Consider `Gapminder Dataset` (1704, 5)

We will explore
some indicators that capture
such tendency or relationship.

Summary/Figure \(\color{red}{\underset{\text{Visualization}}{\longleftarrow}}\) Data \(\color{blue}{\underset{\text{Correlation}}{\longrightarrow}}\) Number.

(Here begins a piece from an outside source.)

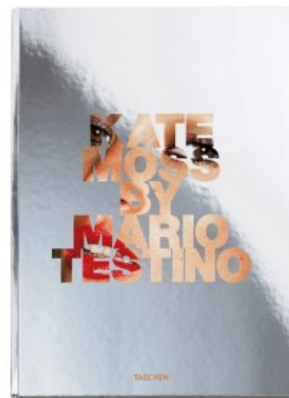
KATE MOSS BY MARIO TESTINO

Pearson Correlation Coefficient

Covariance between two variables/columns

Suppose \(X=[\text{x}_1,\text{x}_2,...,\text{x}_n]\) be a quantitative column.
Mean/average: \(\overline{\text{x}}=\displaystyle\frac{1}{n}\sum_{i=1}\text{x}_i\).
Variance: \(V(X)=\displaystyle\frac{1}{n-1}\sum_{i=1}^n(\text{x}_i-\overline{x})^2.\)
Standard deviation: \(s=\sqrt{V(X)}\).
If \(Y=[\text{y}_1,\text{y}_2,\dots,\text{y}_n]\) is an other quantitative column, the covaraince between \(X\) and \(Y\) is defined by \[\text{Cov}(X,Y)=\frac{1}{n-1}\sum_{i=1}(\text{x}_i-\overline{x})(\text{y}_i-\overline{y}).\]

Code

fig3.update_layout(width=350, height=450, title="Life expectancy per continent")
fig3.show()

Pearson Correlation Coefficient

Covariance between two variables/columns

If \(Y=[\text{y}_1,\text{y}_2,\dots,\text{y}_n]\) is an other quantitative column, the covaraince between \(X\) and \(Y\) is defined by \[\text{Cov}(X,Y)=\frac{1}{n-1}\sum_{i=1}(\text{x}_i-\overline{x})(\text{y}_i-\overline{y}).\]

It determines tendency/direction of the relationship between the two variables.
- Positive value \(\approx\) change in the same direction.
- Negative value \(\approx\) change in opposite direction.

It’s hard to interpret the value of covariance as it can be large or small according to the scale of \(X\) and \(Y\).

Code

fig3.show()

Pearson Correlation Coefficient

Definition

Pearson correlation coefficient

Correlation between two quantitative columns \(X\) and \(Y\): \[r=r_{X,Y}=\frac{\sum_{i=1}^n(\text{x}_{i}-\overline{x})(\text{y}_{i}-\overline{y})}{\sqrt{\left(\sum_{i=1}^n(x_{i1}-\overline{x}_{1})^2\right)\left(\sum_{i=1}^n(x_{i2}-\overline{x}_{2})^2\right)}}=\frac{\text{Cov}(X,Y)}{s_Xs_Y}.\]
It quantifies the linear relationship/tendency between the two variables.
- For any pair \(X\) and \(Y\) one has \(-1\leq r\leq 1\).
- If \(r\approx 1\), then \(X\) and \(Y\) are positively correlated (change in the same direction).
- If \(r\approx -1\), then \(X\) and \(Y\) are negatively correlated (change in opposite direction).
- If \(r\approx 0\), then \(Y\) and \(Y\) are decorrelated (no pattern/trend/tendency).
It helps identifying informative/useful inputs for the building models.
It also helps identifying redundant (strongly correlated) inputs.
Note: Correlation does not imply causation; it only indicates a relationship, not a cause-and-effect link [👉 For more, read here].

Pearson Correlation Coefficient

Examples:

Source: https://en.wikipedia.org/wiki/Correlation.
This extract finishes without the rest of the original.